If Thompson really wants a regional revolution he should devolve power, not just production, and move some of these channels out of London. BBC3 and BBC4 in Salford? Now that would be a really significant statement of the BBC's intent. Unless that happens, the real focus of power will remain with the TV commissioning money – back in London.
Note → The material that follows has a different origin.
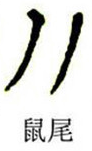 1、鼠尾:常出现在撇画上,似老鼠的尾巴,样子不好看。主要原因是用笔无力,轻浮在纸上,飘滑而去。毛笔在运行时有提无按,不得撇画用笔要领所致。书写撇画应用笔沉着,向下的按力均匀,笔锋送到顶端,由粗向细的过渡要缓慢自然,中锋用笔。
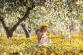 dziewczyna z kwiatami spacerując po polu zboża

An absurd plot, but I love it ... Oops!
Am I mad, in a coma, or have I gone back in time? I'm only asking because tonight (BBC1 9pm) Ashes to Ashes arrives bringing the return of Detective Chief Inspector Gene Hunt (Philip Glenister) last seen with his sidekick Sam Tyler (John Simm) in the brilliant Life on Mars. Hunt is now strutting his stuff in London in the Eighties rather than Manchester in the Seventies and Tyler has been replaced by Keeley Hawes as police psychologist Alex Drake. But hang on a minute, weren't Hunt and his police pals all figments of Sam Tyler's imagination? And didn't Tyler, erm, die in the last episode of Life on Mars? So how can Gene Hunt be back and relocated to another city and decade? Oh, it seems that Alex Drake was the psychologist treating Sam Tyler when he came out of his coma – so she knows all the characters – and, you've guessed it, she goes into a coma and meets them all in her own adventures.
It sounds absurd, but I have a feeling it will still be brilliant. I'll be watching it – just to see if Gene Hunt still has "oops" for his tea.